Le concept doit partir d’un message que l’écrivain veut transmettre à ceux qui le lisent ou l’écoutent et qui se trouve donc derrière l’idée. Le concept répond à un objectif très précis que l’écrivain souhaite poursuivre.
À partir de l’idée et du concept, il est possible de définir le thème : de quoi parle réellement notre histoire ?
Prenons un grand classique de la littérature, « Moby-Dick ; or, The Whale » de Melville (1851). Quel est son véritable thème ? La chasse à la baleine dans les années 1800 ? Ou plutôt la lutte de l’homme contre les forces de la nature ? Jusqu’où peut aller la folie humaine si elle veut affirmer sa place? Moby Dick est manifestement une métaphore, un symbole ambivalent confronté à diverses interprétations possibles.
En réfléchissant au sujet, il est donc essentiel de se poser quelques questions avant de continuer:
- Quel genre de relation voulons-nous établir avec notre lecteur ? Il ne faut pas oublier que l’objectif de l’écrivain doit être de faire en sorte que le lecteur s’identifie à l’histoire : s’identifier au personnage d’une histoire signifie se laisser emporter et se sentir en quelque sorte impliqué dans ses événements. Pour parvenir à créer une relation intellectuelle et émotionnelle, l’appel à l’action devient central. Il doit être adapté au groupe cible et donc se concentrer sur les éléments qui l’attirent.
- Que cherchons-nous à transmettre ? Les histoires ont besoin d’un développement qui touche aux émotions de ceux qui les écoutent ou les lisent. Demandons-nous, dans notre histoire, quels sont les avantages que peut tirer le lecteur de sa participation dans l’histoire, de son rôle d’allié du protagoniste. Il est établi que, pour faire cela, il faut connaître son public et comprendre ses besoins réels.

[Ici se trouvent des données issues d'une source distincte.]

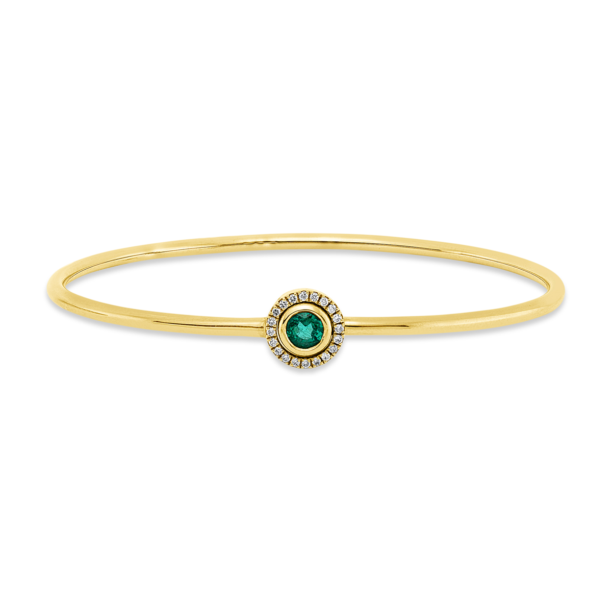 Armreif 14 kt GG, 20 Brillanten 0,08 ct, TW-si, 1 Smaragd 0,27 ct grün, H:45,0 mm, B:55,0 mm
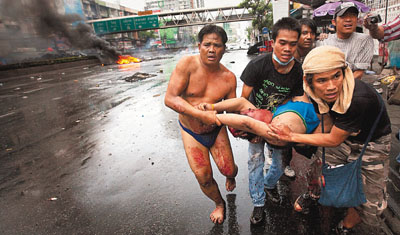 中新網5月17日電 據香港《文匯報》17日報道,泰國流血沖突持續,政府昨日一度威脅從晚上11時至今晨5時,在曼谷部分地區實施宵禁,方便軍警識別平民和恐怖分子,但軍方表示為免影響居民,無需宵禁。泰國政府已委派紅十字會等非政府組織,協助疏散示威區的老弱婦孺,游說他們在今日下午3時(北京時間今日下午4時)前離開,意味政府隨時清場。
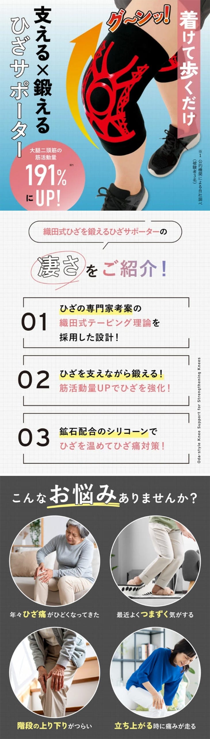 歩く喜びを取り戻す。織田式ひざを鍛えるひざサポーター 4枚組
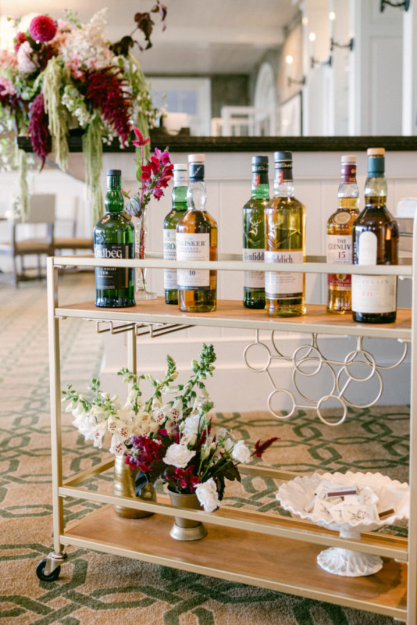 Cocktail hour featured a selection of passed hors d’oeuvres, followed by a traditional sit-down dinner with a duet entrée of filet mignon and Chilean sea bass. We wanted the dining experience to feel elevated but still deeply personal, so we incorporated meaningful touches throughout the evening. Instead of a signature drink, we offered a whisky tasting cart, which was very popular with our guests. Both of our dads enjoy whisky and helped curate the selection, and it served as a sweet nod to the years I spent studying in Scotland. In keeping with Mike’s family tradition, his mom and several cousins baked an assortment of beloved family recipe cookies. They were presented on charming two-tiered trays and became one of the most heartwarming and delicious details of the night.
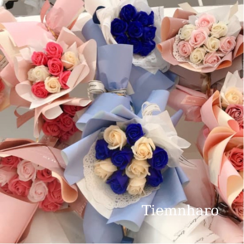 Bó hoa hồng sáp thơm 10 bông tặng kèm túi và thiệp tặng bạn gái, mẹ, cô giáo, người thân yêuBó hoa to đẹp phối màu nhẹ nhàng, ngọt ngào phong cách Hàn Quốc mới nhất, không cần phân biệt độ tuổi ai nhận cũng sẽ thích mê
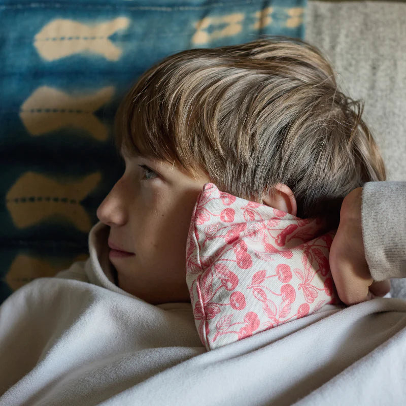 Each pillow is filled with smooth cherry stones reclaimed from the jam-making industry, giving new life to this natural byproduct. The stones mould softly to your body’s contours, offering comforting warmth or cooling relief exactly where you need it.
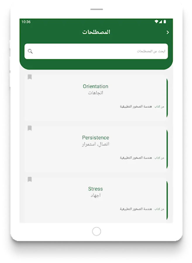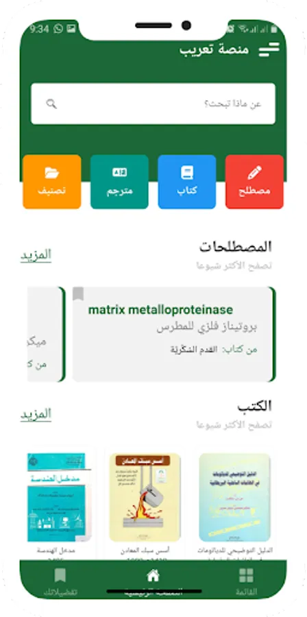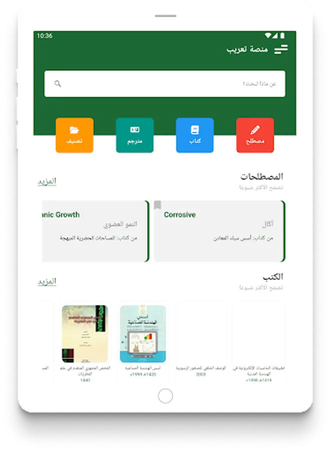 Ta3reeb application is an interactive interface for the Arabized scientific terminology platform. It is a result of the accumulated efforts of translators at King Abdulaziz University, and a summary of their work in the field of translation and Arabization of scientific terms in the books printed at the university. In an interactive way that enables users to search for any term in Arabic or English, and the user can also track the source in which the term to be searched was Arabized. The platform also includes a definition of all the books that the platform relied on in preparing its terminology.
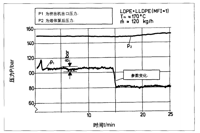 圖一 安裝海科熔體泵前后的壓力變化情況
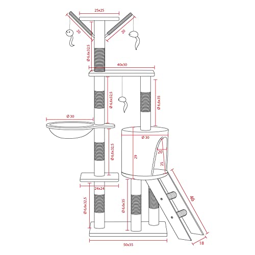 Tiragraffi Gatto albero 138cm con Cuccia per Gatti Albero Parco giochi gioco tira graffi per Gatto colore Grigio - AQPET
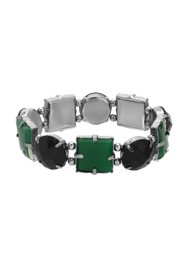 This stretch bracelet showcases a striking combination of round and square stones. The multi-colored stones contrast beautifully, creating a modern yet sophisticated look. Unique and versatile, this bracelet effortlessly enhances any outfit, making it a perfect accessory for both casual and formal occasions. Add a touch of elegance and contemporary flair to your wardrobe with this eye-catching piece. Length 7 in. Width 16mm.

Chaque fois que le lecteur est immergé dans une histoire, qu’il vit des expériences racontées à la première personne et qu’il devient le personnage principal, l’écrivain doit être fier d’avoir atteint son objectif principal.
Dans ce processus qui part de l’évolution de l’idée et aboutit au concept, un autre élément central est défini, à savoir le genre de récit: en fonction du chemin que l’auteur décide de prendre à partir de l’idée choisie, il crée un roman policier, une comédie, un drame, etc.